*TASK ITEM*: With the material below, print exactly the lines between the line holding "ASOS DESIGN Tall" and the line holding "حل سؤال تهرب", inclusive. Add nothing else.

*DATASET RECORDS*:
========
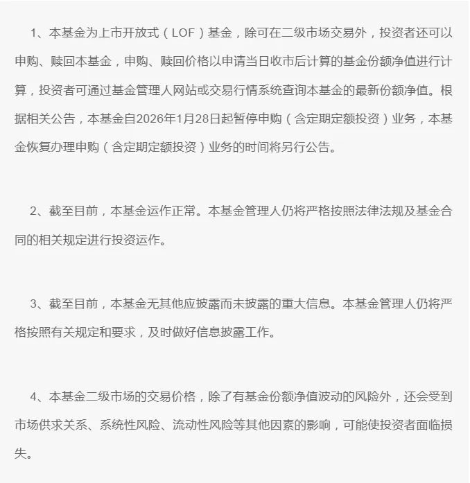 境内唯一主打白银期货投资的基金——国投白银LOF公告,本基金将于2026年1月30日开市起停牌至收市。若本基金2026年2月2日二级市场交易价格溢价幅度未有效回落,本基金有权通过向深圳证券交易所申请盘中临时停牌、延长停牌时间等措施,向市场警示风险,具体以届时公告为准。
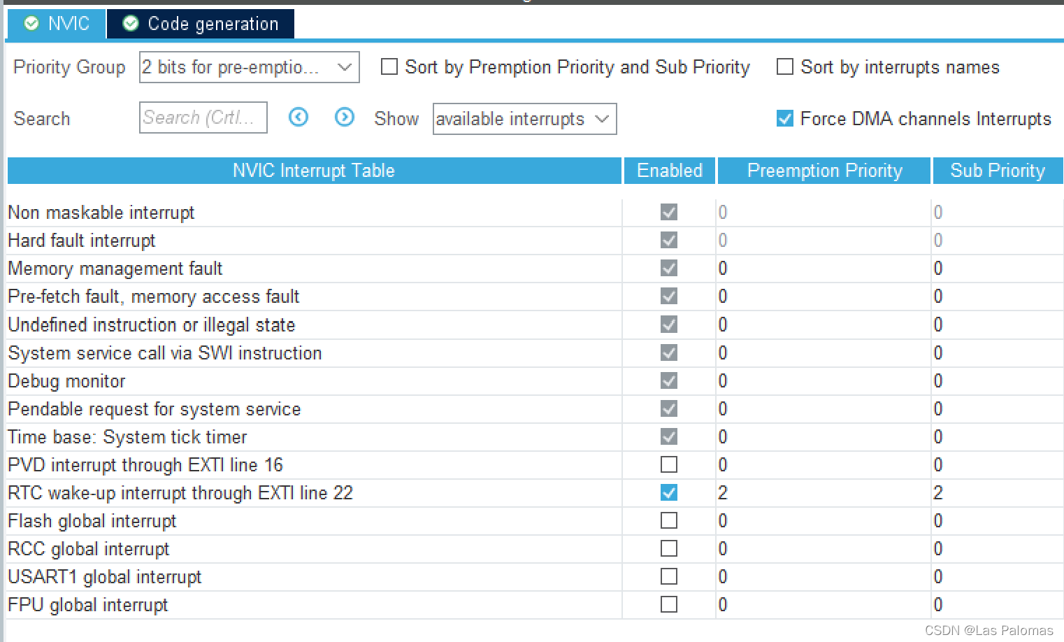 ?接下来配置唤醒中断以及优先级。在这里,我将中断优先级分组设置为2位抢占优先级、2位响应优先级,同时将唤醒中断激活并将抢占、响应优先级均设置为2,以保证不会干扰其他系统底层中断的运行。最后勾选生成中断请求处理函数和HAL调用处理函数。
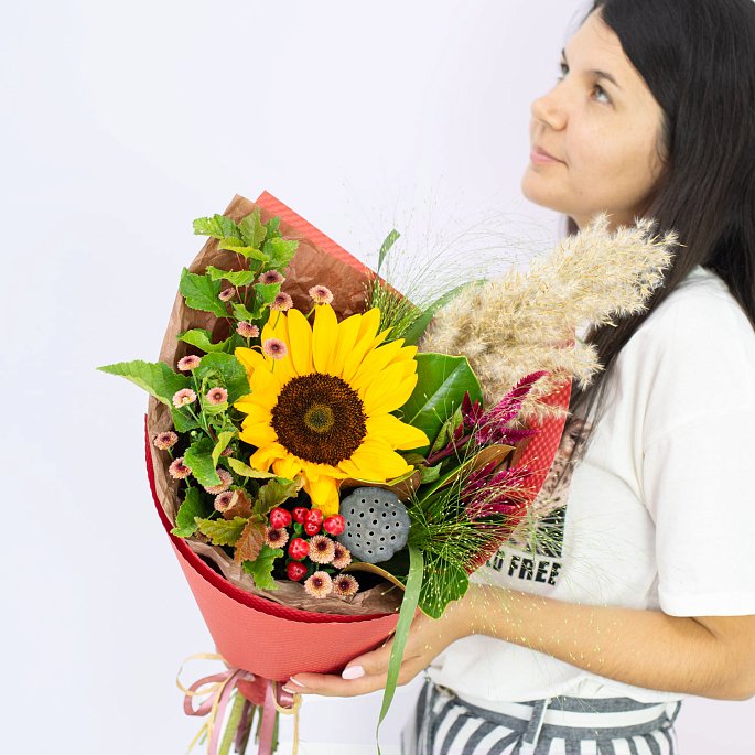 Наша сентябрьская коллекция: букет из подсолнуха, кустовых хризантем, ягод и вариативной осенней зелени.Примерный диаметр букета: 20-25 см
========
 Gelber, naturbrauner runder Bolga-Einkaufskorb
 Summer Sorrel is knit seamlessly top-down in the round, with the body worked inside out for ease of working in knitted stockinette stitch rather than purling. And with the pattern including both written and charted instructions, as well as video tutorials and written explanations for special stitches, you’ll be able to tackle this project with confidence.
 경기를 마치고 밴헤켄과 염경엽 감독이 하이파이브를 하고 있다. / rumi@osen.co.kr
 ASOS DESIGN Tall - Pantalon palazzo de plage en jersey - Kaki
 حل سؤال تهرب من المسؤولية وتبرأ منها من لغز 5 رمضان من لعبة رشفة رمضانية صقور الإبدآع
========
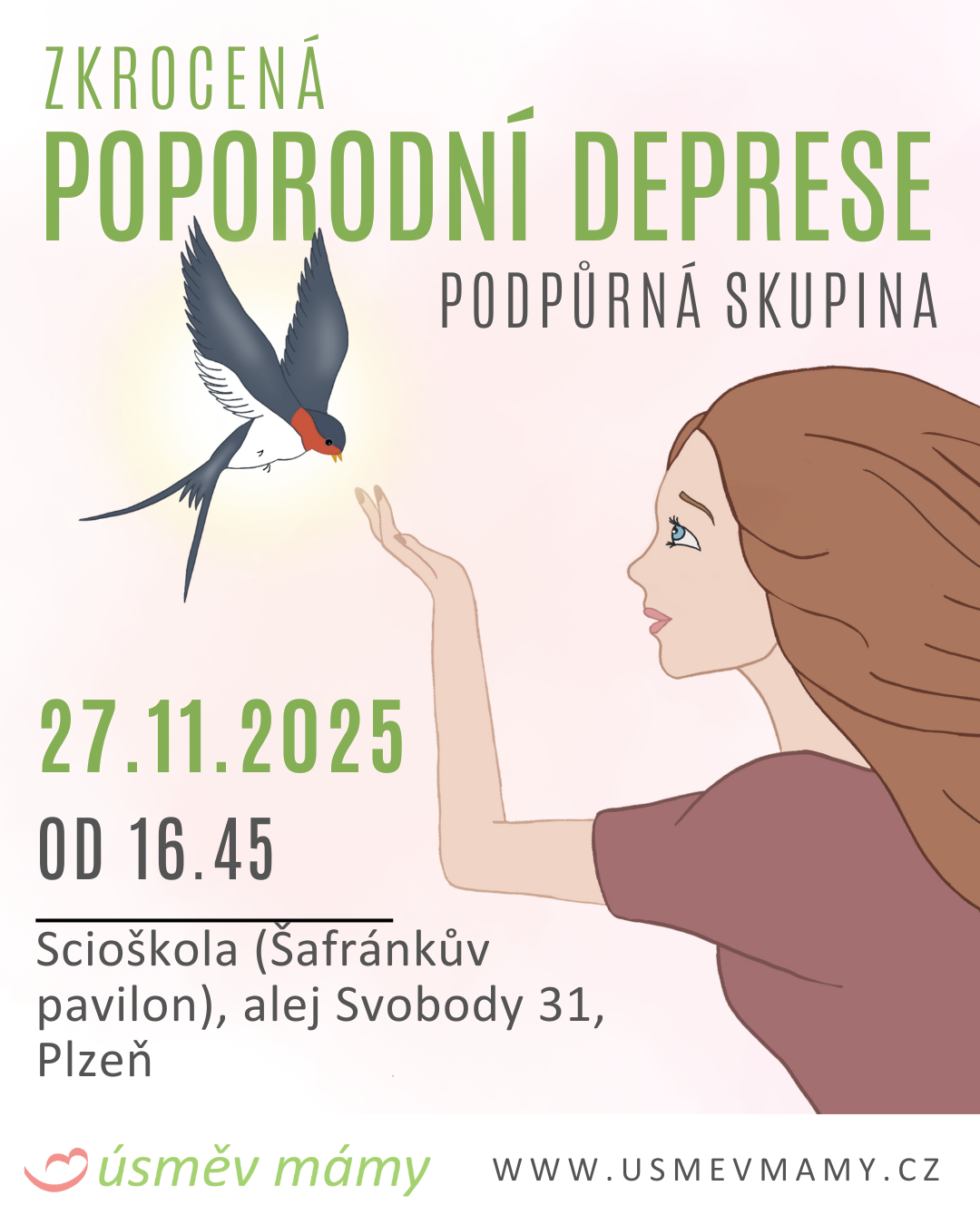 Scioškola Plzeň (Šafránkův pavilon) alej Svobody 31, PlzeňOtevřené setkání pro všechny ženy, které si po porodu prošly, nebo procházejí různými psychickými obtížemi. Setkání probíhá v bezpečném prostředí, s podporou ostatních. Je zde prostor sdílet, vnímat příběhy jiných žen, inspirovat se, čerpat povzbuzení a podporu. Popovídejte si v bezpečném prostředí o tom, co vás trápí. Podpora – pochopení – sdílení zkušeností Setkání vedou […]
========
*SOLVED EXERCISE*:
 ASOS DESIGN Tall - Pantalon palazzo de plage en jersey - Kaki
 حل سؤال تهرب من المسؤولية وتبرأ منها من لغز 5 رمضان من لعبة رشفة رمضانية صقور الإبدآع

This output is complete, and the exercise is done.